Chemical Information
Application
Chemical Information
| Synonyms | BTTAA; (4-{[bis-(1-tert-butyl-1H-[1,2,3]triazol-4-ylmethyl)-amino]-methyl}-[1,2,3]triazol-1-yl)-acetic acid |
| IUPAC Name | 2-[4-[[bis[(1-tert-butyltriazol-4-yl)methyl]amino]methyl]triazol-1-yl]acetic acid |
| SMILES | CC(C)(C)N1C=C(N=N1)CN(CC2=CN(N=N2)CC(=O)O)CC3=CN(N=N3)C(C)(C)C |
| InChI | InChI=1S/C19H30N10O2/c1-18(2,3)28-11-15(21-24-28)8-26(7-14-10-27(23-20-14)13-17(30)31)9-16-12-29(25-22-16)19(4,5)6/h10-12H,7-9,13H2,1-6H3,(H,30,31) |
| InChIKey | MGQYHUDOWOGSQI-UHFFFAOYSA-N |
| Solubility | Soluble in water, DMSO, DMF, MeOH |
| Appearance | Off-white to Grey Solid |
Application
BTTAA ligand is a bidentate tris(triazolylmethyl)amine ligand commonly used to accelerate copper(I)-catalyzed azide–alkyne cycloaddition (CuAAC) by stabilizing the active Cu(I) species. Its coordination-friendly, click-optimized structure makes it particularly relevant for workflows that require fast labeling under mild conditions, including sensitive biomolecule conjugation and high-throughput probe preparation. As a widely adopted additive, BTTAA ligand is frequently selected to improve labeling efficiency and reproducibility across diverse substrates and material surfaces.
1. CuAAC Probe Labeling
BTTAA ligand is used in CuAAC-based probe synthesis to support efficient conversion of azide and alkyne partners into stable triazole-linked products. Researchers rely on BTTAA ligand when preparing fluorescent tags, affinity handles, and detection reagents for analytical chemistry and chemical biology, where consistent labeling across different biomolecular scaffolds is important. In practical reagent development, the ligand helps mitigate variability caused by substrate-dependent copper speciation, enabling more robust assembly of labeled libraries for downstream imaging, binding assays, and method development.
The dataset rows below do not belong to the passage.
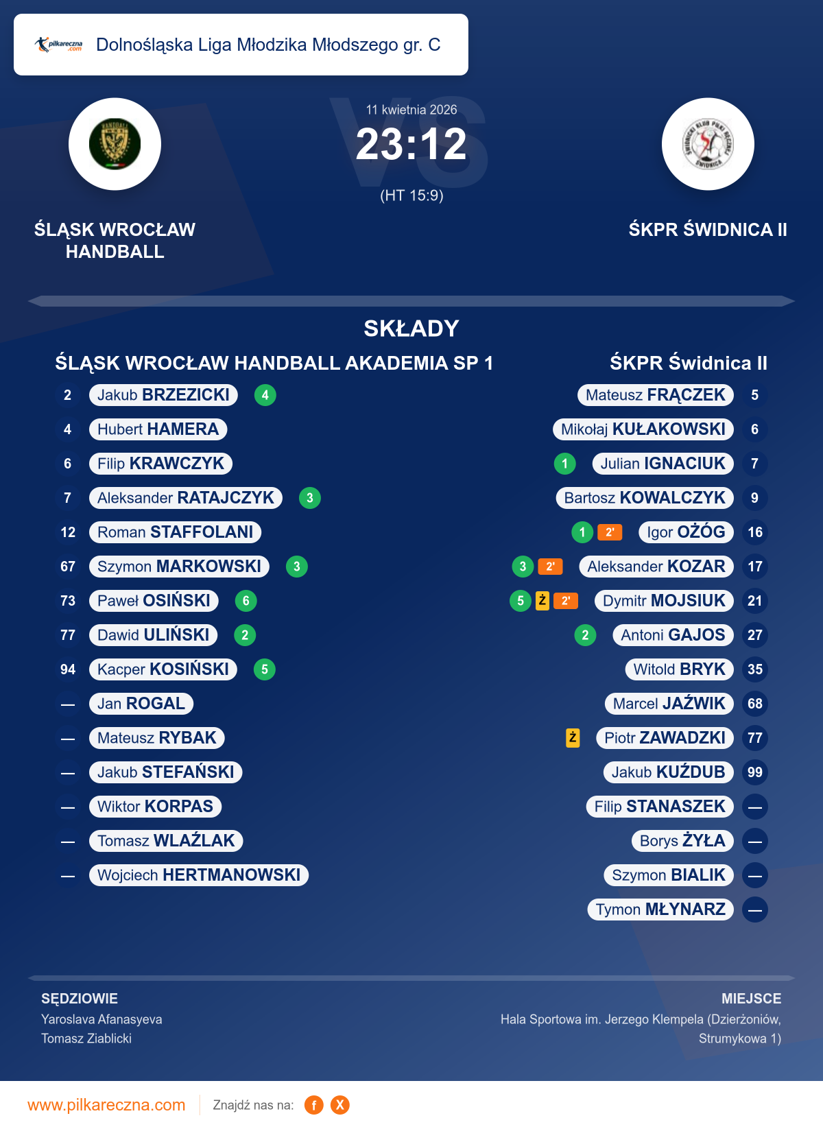 ŚLĄSK WROCŁAW HANDBALL AKADEMIA SP 1 23–12 ŚKPR Świdnica II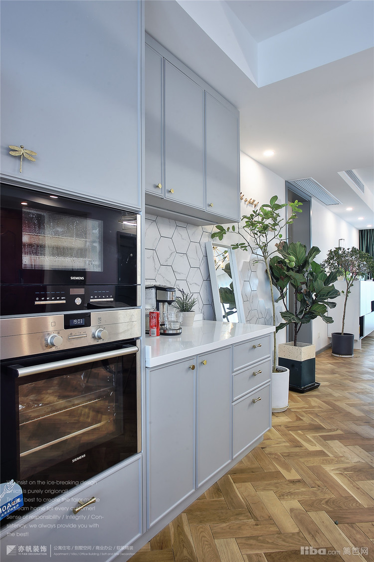 浅灰门板,也可以说是浅雅青色,搭配纯铜拉手,很有轻奢范儿~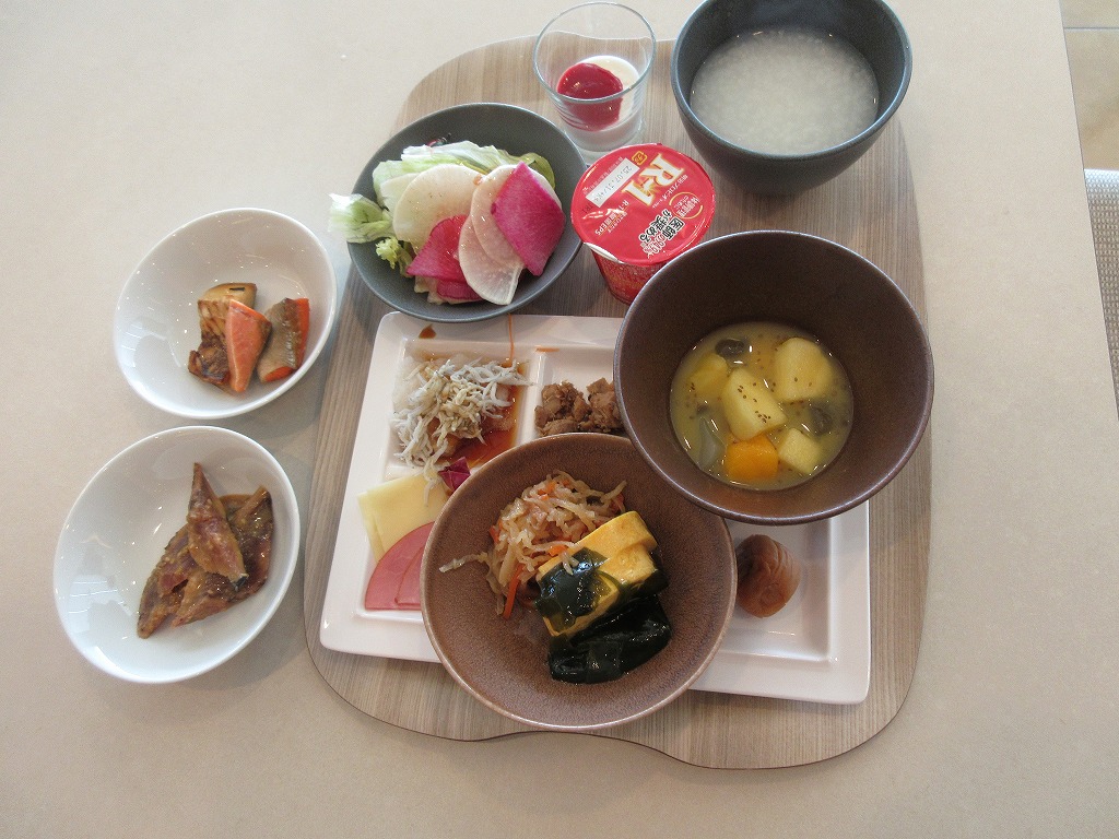 バイキング方式なので何度も取りに行き 中でも一番はおかゆに梅干し、さすが和歌山県、梅干しはうまい カツオのフレークも入れてシラウオもぶっこんで3杯は食べた。

2. Biomolecule Conjugation Workflows
BTTAA ligand is commonly incorporated into bioconjugation protocols to generate triazole-linked conjugates from azide-functional biomolecules and alkyne-bearing partners. Molecular biology groups and chemical biology laboratories use BTTAA ligand to streamline labeling of proteins, peptides, glycans, and nucleic-acid derivatives where reaction conditions must remain compatible with complex, functional biomolecular environments. The ligand’s role as a Cu(I)-stabilizing additive supports reproducible conjugation outcomes, which is valuable for building standardized reagent sets for mechanistic studies, target engagement tools, and platform development.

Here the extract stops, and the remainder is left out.